Action item ::
Go through the data below and transcribe it exactly. Omit the images.

Exercise data ::

++++++++++++++++++++

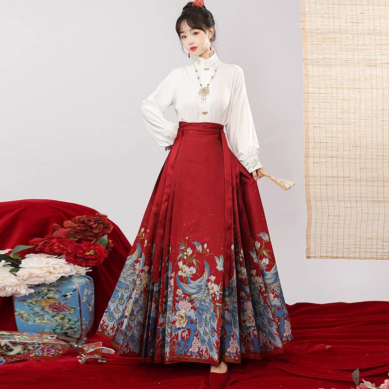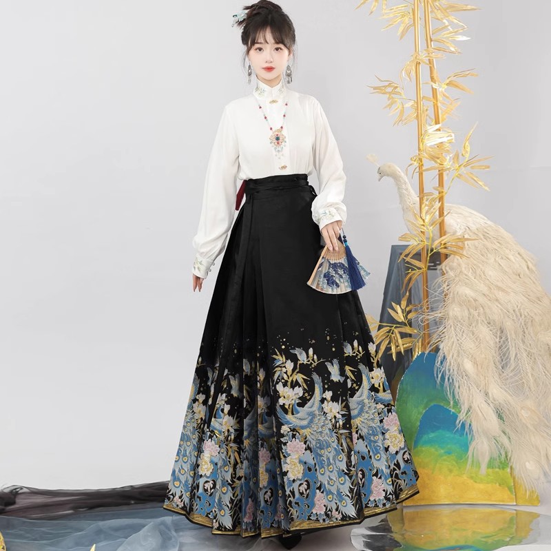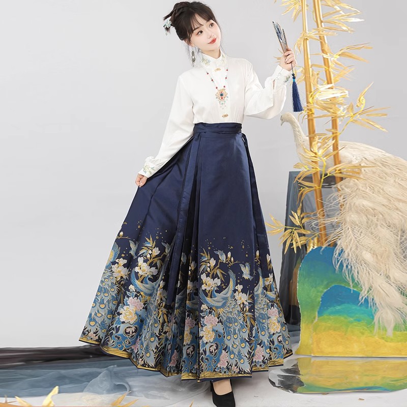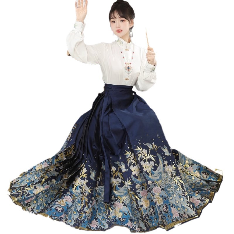 Original New Chinese style Ming-made woven gold makeup flower horse face skirt Hanfu Women’s Chinese style Han element improved daily commuting suit
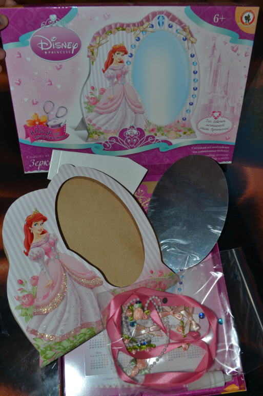 2. Зеркало (118р). Я не оценила совсем. Честно, думала что основа пластик, а не картон... Все-таки дисней... Склеивала его Я!!!! Большую часть деталей приклеила с трудом на супер-клей. Т.е. "по назначению" - поделка ребенка, у нас не пошло... Само зеркало - хорошее (отражает нормально). Результат, хотя и картонный, но симпатичный... Стоит ли этой суммы - затруднюсь ответить (я бы зная, не купила).
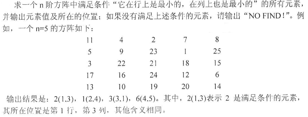 1 #include<stdio.h> 2 int main(){ 3 int a[5][5]={{11,4,2,7,8},{5,9,23,1,25},{3,22,21,18,15},{17,16,24,12,6},{13,10,19,20,14}};//定义如图所示的二维数组 4 5 int i,j,k; 6 for(int j=0;j<5;j++){ 7 int flag=1; 8 int m=0,n=0; 9 k=a[0][j];//先定住一列,进行行循环 ,遍历出一列上最小值 10 for(int i=1;i<5;i++){ 11 if(a[i][j]<k){//只要这一列上有比初值小的,即把小值赋给k 12 k=a[i][j]; 13 m=i;//把遍历出的最小值的行项赋给m 14 n=j;//把遍历出的最小值的列项赋给n 15 } 16 } 17 for(int j=0;j<5;j++){ 18 if(a[m][j]<k){//模拟上一个for循环找到的值为k,定住这一行进行列循环判断,只要不是这一行最小 19 flag=0;//把0赋给flag 20 } 21 } 22 if(flag)//仅输出flag为真的数组 23 printf("%d(%d,%d)",k,m+1,n+1); 24 } 25 return 0; 26 }

++++++++++++++++++++

Answer to this exercise ::
 Original New Chinese style Ming-made woven gold makeup flower horse face skirt Hanfu Women’s Chinese style Han element improved daily commuting suit
 2. Зеркало (118р). Я не оценила совсем. Честно, думала что основа пластик, а не картон... Все-таки дисней... Склеивала его Я!!!! Большую часть деталей приклеила с трудом на супер-клей. Т.е. "по назначению" - поделка ребенка, у нас не пошло... Само зеркало - хорошее (отражает нормально). Результат, хотя и картонный, но симпатичный... Стоит ли этой суммы - затруднюсь ответить (я бы зная, не купила).
 1 #include<stdio.h> 2 int main(){ 3 int a[5][5]={{11,4,2,7,8},{5,9,23,1,25},{3,22,21,18,15},{17,16,24,12,6},{13,10,19,20,14}};//定义如图所示的二维数组 4 5 int i,j,k; 6 for(int j=0;j<5;j++){ 7 int flag=1; 8 int m=0,n=0; 9 k=a[0][j];//先定住一列,进行行循环 ,遍历出一列上最小值 10 for(int i=1;i<5;i++){ 11 if(a[i][j]<k){//只要这一列上有比初值小的,即把小值赋给k 12 k=a[i][j]; 13 m=i;//把遍历出的最小值的行项赋给m 14 n=j;//把遍历出的最小值的列项赋给n 15 } 16 } 17 for(int j=0;j<5;j++){ 18 if(a[m][j]<k){//模拟上一个for循环找到的值为k,定住这一行进行列循环判断,只要不是这一行最小 19 flag=0;//把0赋给flag 20 } 21 } 22 if(flag)//仅输出flag为真的数组 23 printf("%d(%d,%d)",k,m+1,n+1); 24 } 25 return 0; 26 }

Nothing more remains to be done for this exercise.